Data section —
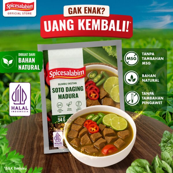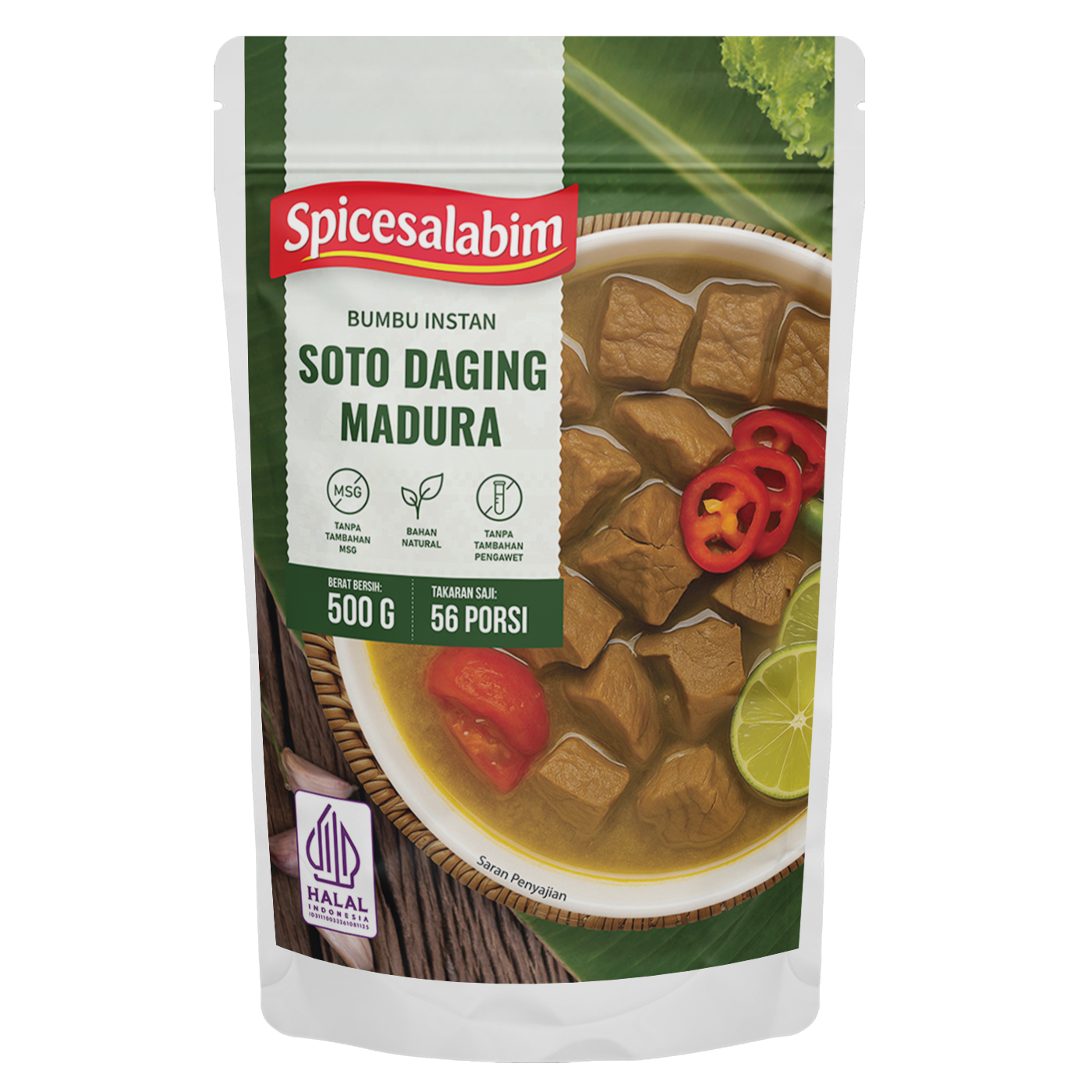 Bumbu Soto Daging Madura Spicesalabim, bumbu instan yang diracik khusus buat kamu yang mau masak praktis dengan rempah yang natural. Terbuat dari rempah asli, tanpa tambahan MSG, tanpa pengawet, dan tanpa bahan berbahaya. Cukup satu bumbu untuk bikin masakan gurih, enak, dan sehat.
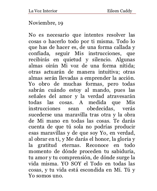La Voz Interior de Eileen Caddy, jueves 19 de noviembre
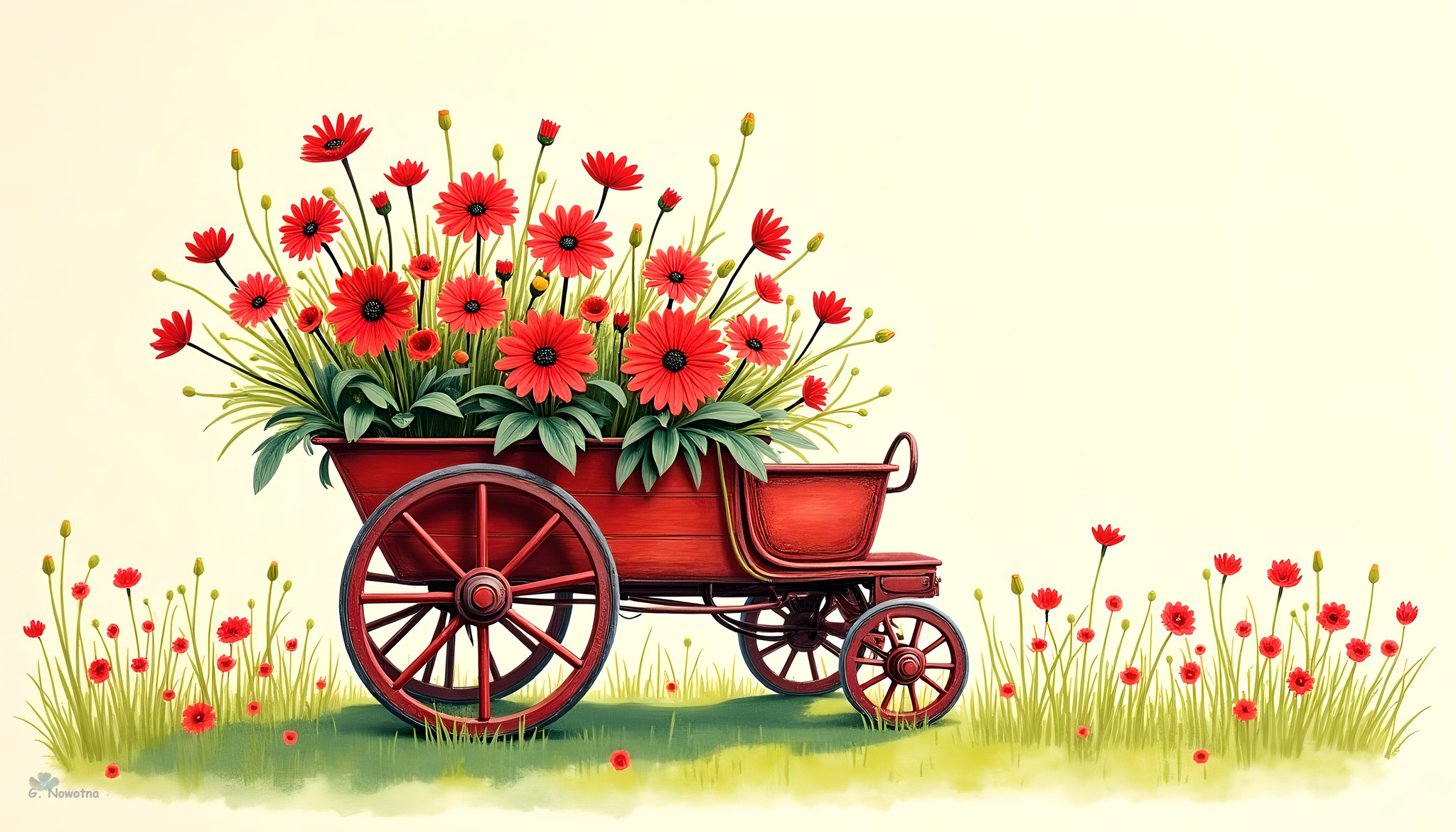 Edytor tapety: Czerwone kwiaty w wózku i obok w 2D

What is being asked — Leave out all pictures and extract exactly the lines from the line with "La Voz Interior" through the end of the material.

Task output —
La Voz Interior de Eileen Caddy, jueves 19 de noviembre
 Edytor tapety: Czerwone kwiaty w wózku i obok w 2D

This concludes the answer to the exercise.